Devo dizer que não estou me referindo a uma transição
tão abrupta que o paciente se assuste e não
lhe seja possível esclarecer o que foi dito ao
entrevistador. Quero dizer que se introduz um novo tópico
na conversa que é pertinente porém que
foi introduzido no que poderia chamar-se um ponto socialmente
inoportuno, e sem o menor aviso. Isso pode ser feito,
por exemplo, para evitar ou para provocar ansiedade.

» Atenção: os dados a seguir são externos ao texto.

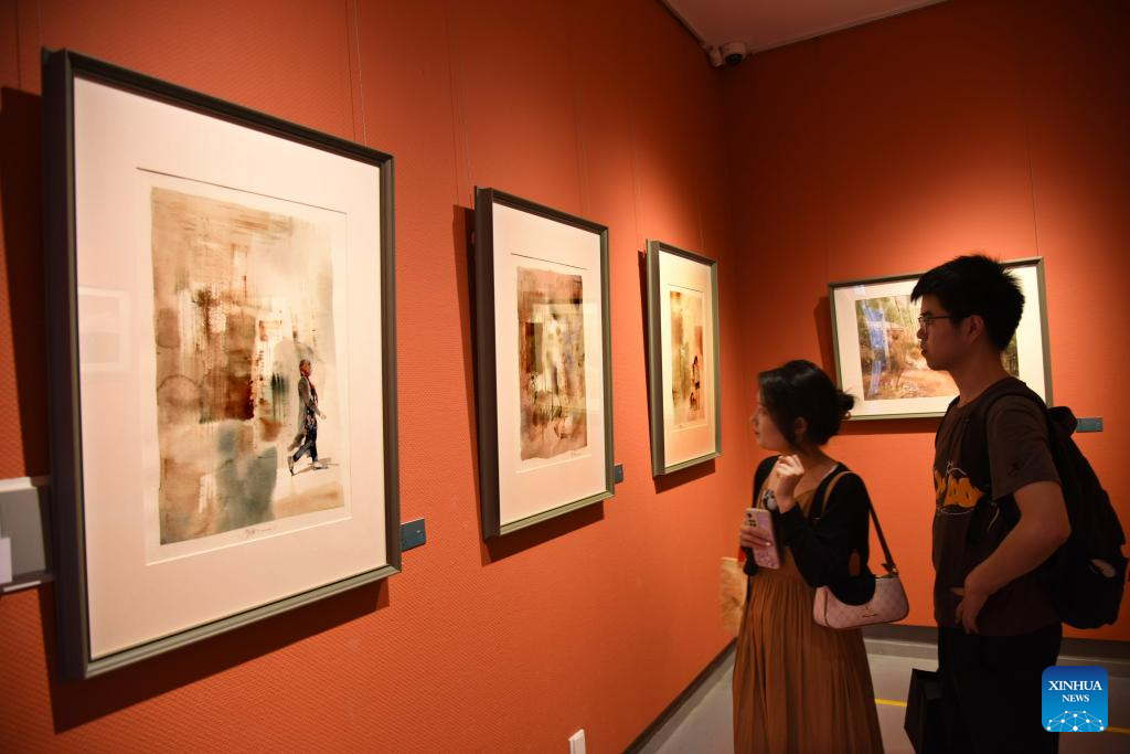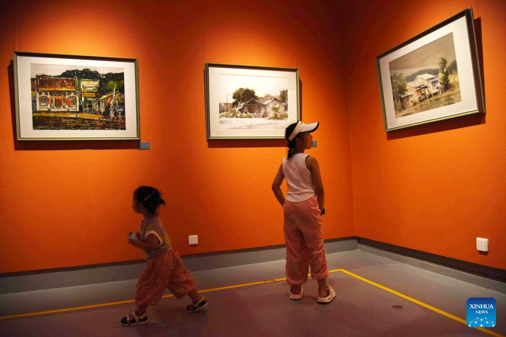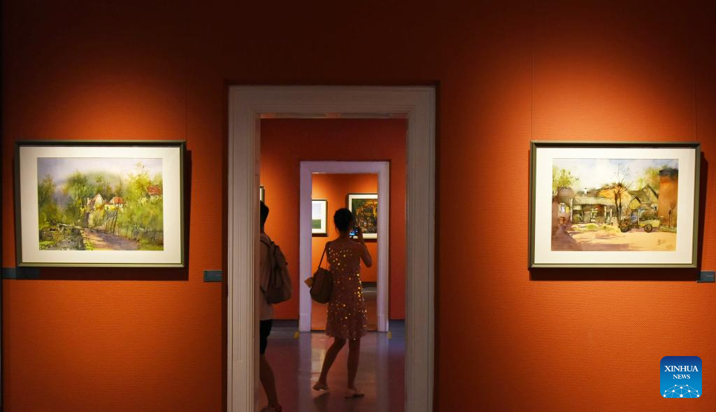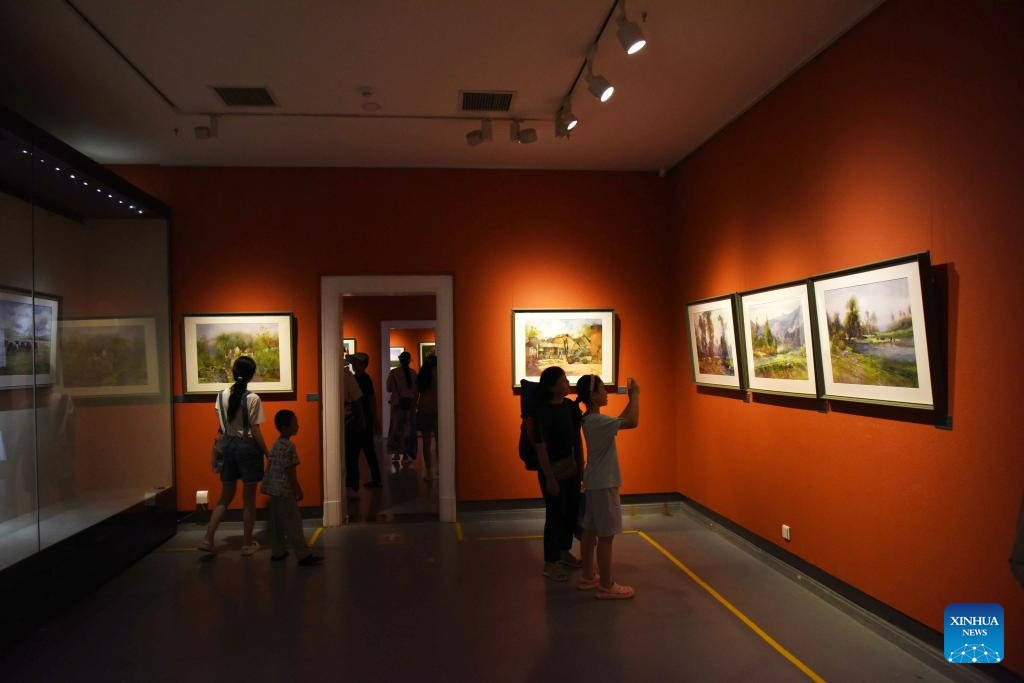 Visitors look at watercolor paintings during an exhibition at Qingdao Art Museum in Shinan District of Qingdao, east China's Shandong Province, Aug. 17, 2023. The exhibition features 120 watercolor paintings of 40 artists from across the country. (Xinhua/Li Ziheng)

Aqui poderia dizer que muitas entrevistas passam do
informativo ao nebuloso, simplesmente porque o paciente
tornou-se agudamente ansioso; porém por outro
lado, algumas entrevistas jamais chegariam a ser entrevistas
psiquiátricas, se não se fizesse com que
o paciente fosse dominado pela ansiedade. A questão
se relaciona com a maneira de fazer com que o paciente
se torne ansioso. Isso é feito de forma apropriada
quando o paciente é levado através de
um período perturbador até produzir material
definitivamente reconfortante, ou desde algo que estava
sucedendo, com risco acentuado para a situação,
até algo cujo resultado seja tranqüilizador.
Para
resumir, a transição suave
é utilizada para passar pouco a pouco a outro
tópico; a transição acentuada
economiza tempo e aclara a situação; e
a transição abrupta é
utilizada, comumente, seja para evitar uma ansiedade
perigosa, ou para provocar ansiedade quando se observa
que de outra maneira não é possível
chegar ao que se busca.
AS
ANOTAÇÕES DURANTE A ENTREVISTA
Geralmente,
se alguém pede que expresse minha opinião
a respeito da conveniência de anotar o transcurso
de uma entrevista, considerando tal ação
do ponto de vista de seu efeito sobre o psiquiatra e
sobre o paciente. Há uma grande variação
entre as pessoas, referente ao grau no qual um certo
comportamento ou conduta é automático.
Dessa maneira, pode haver pessoas tão competentes
em taquigrafia que podem anotar, quase automaticamente,
uma grande parte do que estão escutando, porém
sem que isso atrapalhe a atenção de sua
mente consciente na tarefa de participar do trabalho
da entrevista. Pode até haver pessoas capazes
de fazer anotações que serão úteis
posteriormente, sem por isso desviar em absoluto sua
atenção durante a entrevista. As únicas
vezes que fiz anotações durante uma entrevista,
com a sensação de que não comprometeria
o trabalho a realizar, foi com pacientes cujo ritmo
de produção era muito lento: certos esquizofrênicos
perturbados e um paciente que sofria de grande desordem
na região entre a esquizofrenia e o mal obsessivo.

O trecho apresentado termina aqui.